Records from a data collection
• • • • • • •
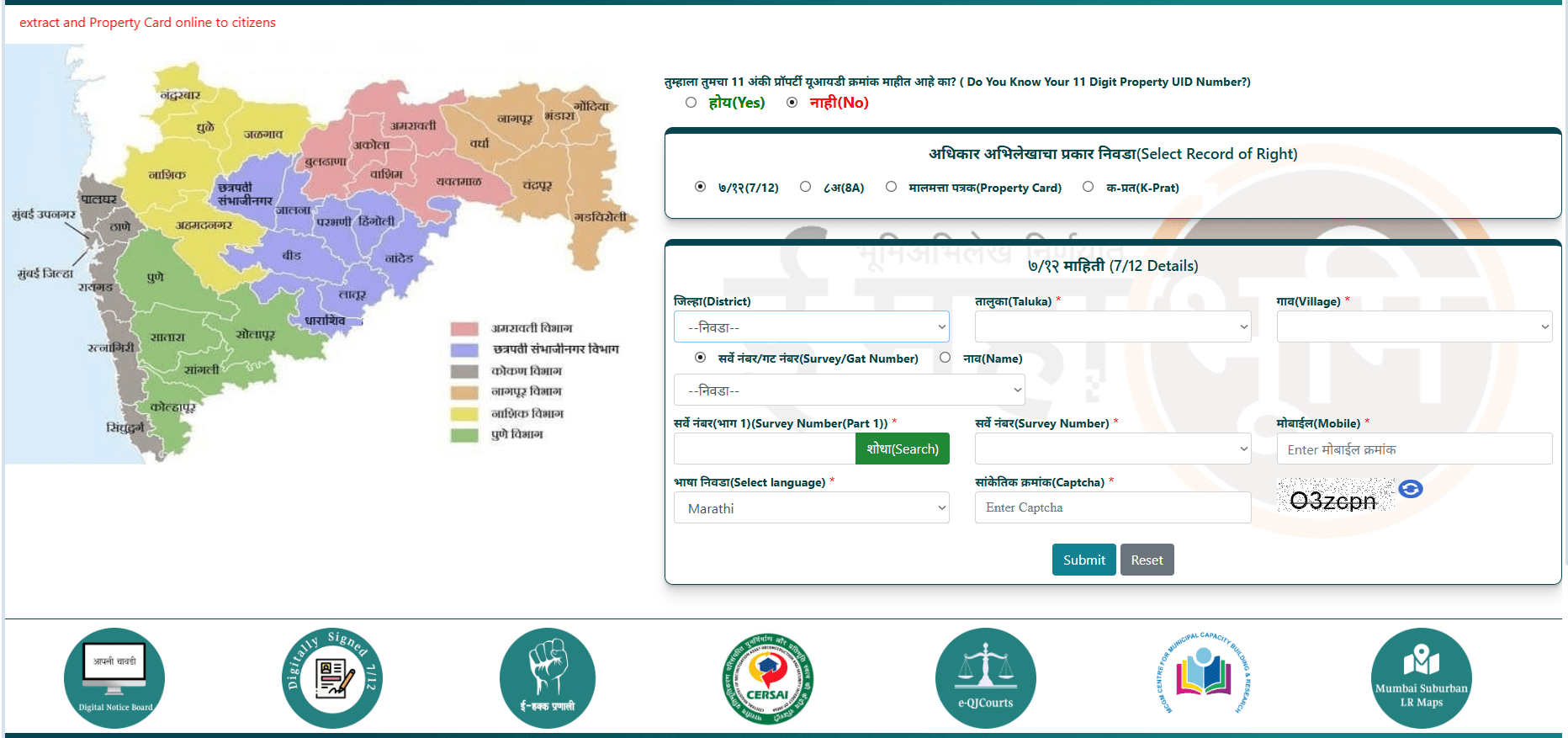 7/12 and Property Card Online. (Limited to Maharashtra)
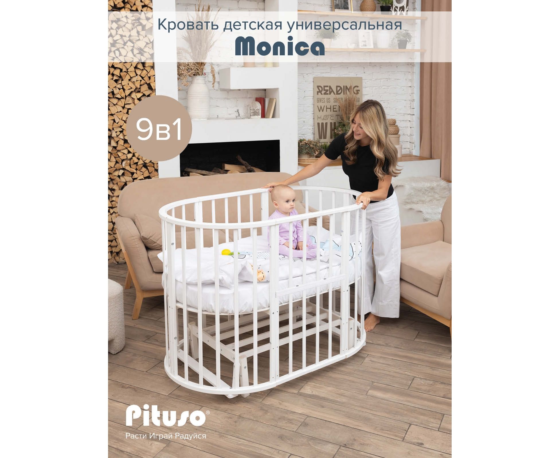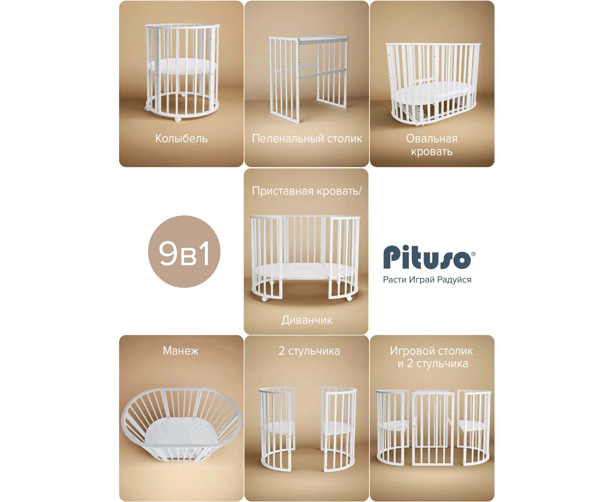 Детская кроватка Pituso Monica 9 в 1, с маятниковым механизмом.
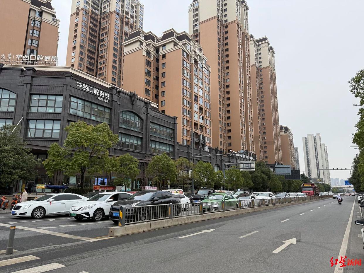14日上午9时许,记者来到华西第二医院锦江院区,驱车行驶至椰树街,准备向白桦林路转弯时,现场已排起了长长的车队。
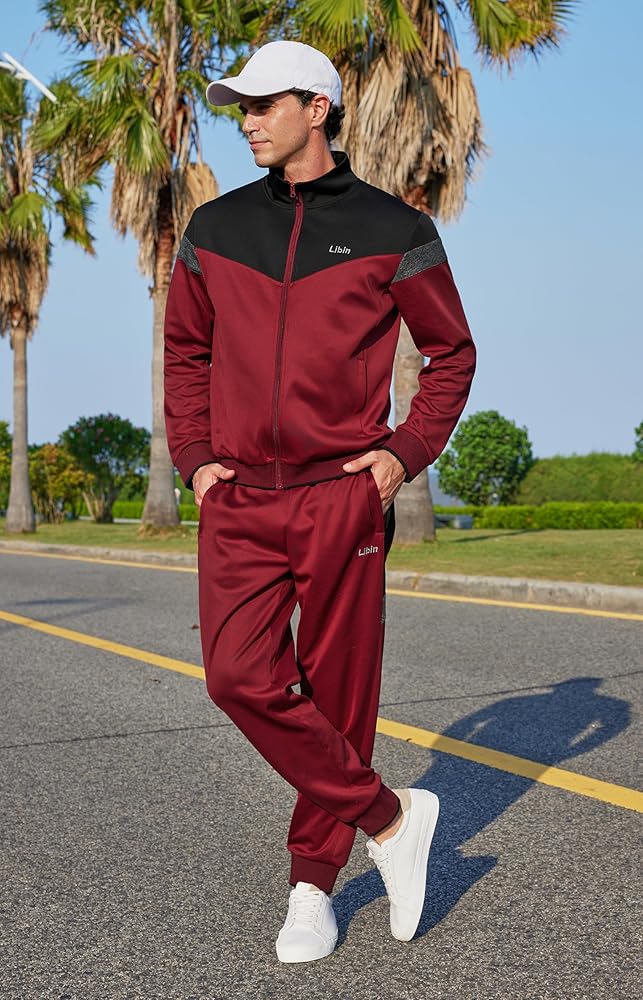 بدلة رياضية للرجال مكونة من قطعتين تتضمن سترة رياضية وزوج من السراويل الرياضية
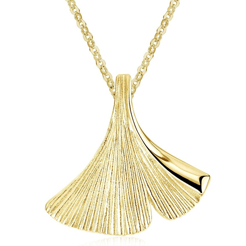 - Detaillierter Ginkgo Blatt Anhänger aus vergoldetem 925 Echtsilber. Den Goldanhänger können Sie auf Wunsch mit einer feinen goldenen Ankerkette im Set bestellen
• • • • • • •
> [Task prompt]:
Leave the pictures aside and give the records above back word for word.

> [Task result]:
 7/12 and Property Card Online. (Limited to Maharashtra)
 Детская кроватка Pituso Monica 9 в 1, с маятниковым механизмом.
14日上午9时许,记者来到华西第二医院锦江院区,驱车行驶至椰树街,准备向白桦林路转弯时,现场已排起了长长的车队。
 بدلة رياضية للرجال مكونة من قطعتين تتضمن سترة رياضية وزوج من السراويل الرياضية
 - Detaillierter Ginkgo Blatt Anhänger aus vergoldetem 925 Echtsilber. Den Goldanhänger können Sie auf Wunsch mit einer feinen goldenen Ankerkette im Set bestellen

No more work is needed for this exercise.